Часто, когда бессонной ночью я лежу один, на меня накатывает ужас. Я чувствую, что мое сознание остается прежним, а тело словно бы становится меньше, чем раньше, будто день ото дня съеживается. Все эти фантазии на тему уменьшения, очевидно, связаны с тем, что я старею и слабею. Круг жизни замыкается, и я все чаще возвращаюсь мыслями в раннее детство, в нашу берлинскую квартиру на Моммзенштрассе, и — такую, какой я ее помню. Нельзя сказать, что я помню там каждый угол, но я могу без труда представить себе, как поднимаюсь по лестнице: один пролет, потом другой, потом — окно с резными стеклами и наша дверь. Комната слева — кабинет отца, это точно, а если идти прямо, окажешься в гостиной. Предметы мебели, детали интерьера память практически не сохранила, но сохранилось цельное ощущение пространства: просторные комнаты, высокие потолки и меняющийся свет. Помню маленький коридорчик между детской и гостиной, самой большой комнатой в квартире.
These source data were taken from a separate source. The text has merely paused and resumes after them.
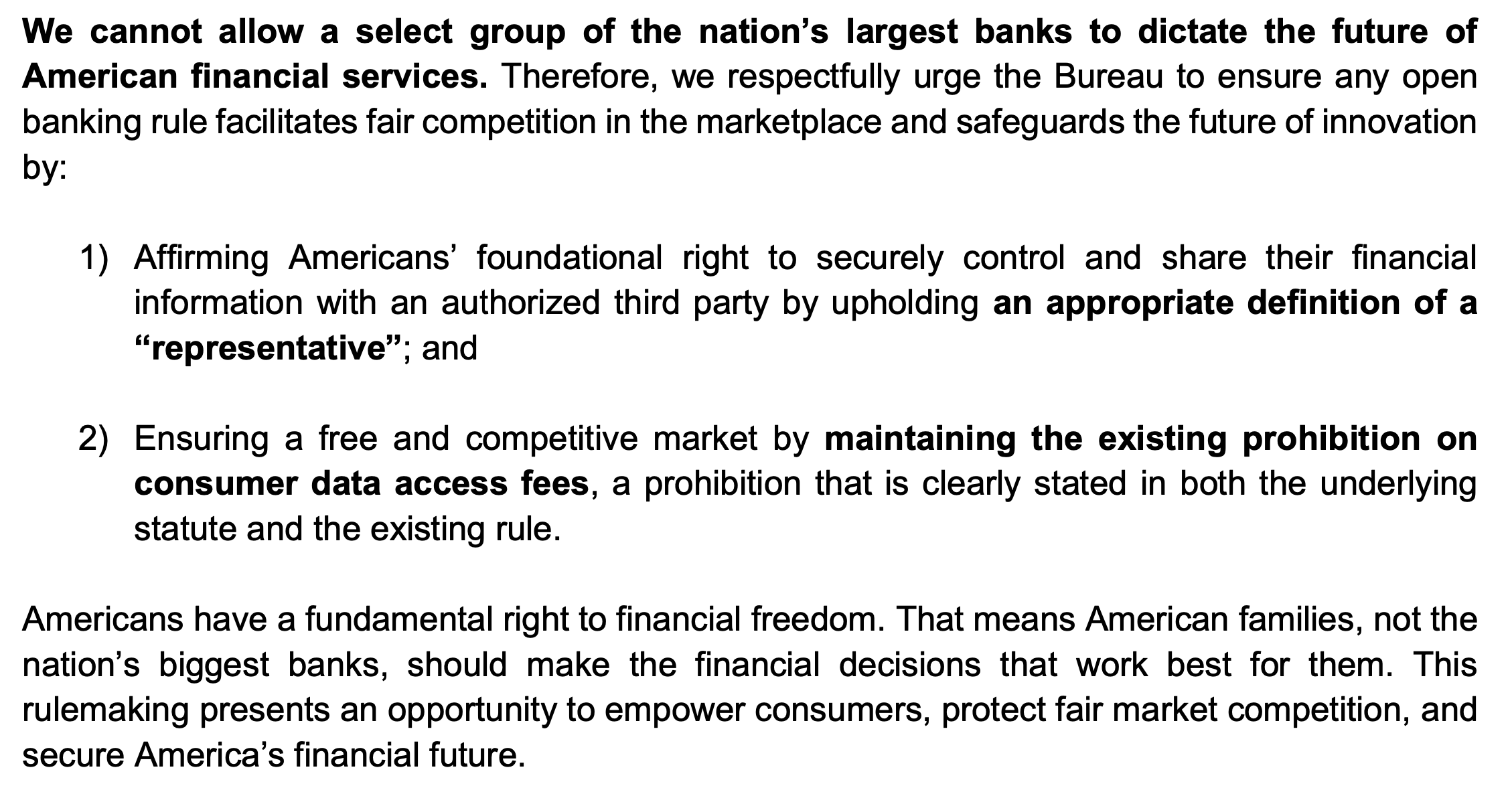 Tomorrow marks the final day to submit a comment letter to the CFPB surrounding the prospective open banking rule.
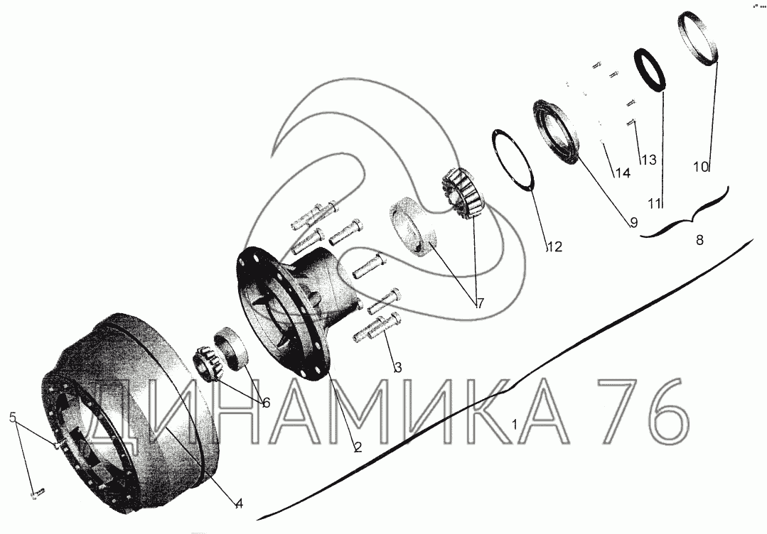 Перечень комплектующих от Ступица переднего колеса 6430-3103006 на МАЗ-544069
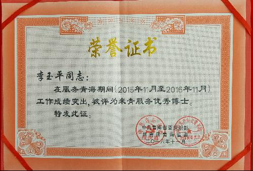近日,中组部共青团中央第16批博士服务团赴青工作圆满结束,公司援青干部李玉平同志被青海省委组织部、共青团省委授予第16批来青“博士服务团”“优秀博士”荣誉称号。

Каждый третий четверг месяца в этой большой комнате собирался струнный медицинский квартет, в котором отец играл на виолончели, и мама всегда оставляла мою дверь открытой, чтобы я засыпал под музыку Я до сих пор могу мысленно войти в свою комнату, вскарабкаться на подоконник и выглянуть из окна на улицу. На подоконник нужно именно карабкаться, потому что я совсем маленький. Окно выходит во внутренний двор, внизу можно разглядеть квадратики брусчатки и черные купы кустов. Во время моих мысленных прогулок квартира почему-то всегда пуста и я брожу по ней как призрак. Я часто задумываюсь, что же в действительности происходит в нашем сознании, когда мы возвращаемся в давно забытые места. Как устроена перспектива памяти? Может, взрослый корректирует картинку, увиденную глазами ребенка, или мозг сохраняет только застывший слепок, окаменевшие останки того, что когда-то было таким родным?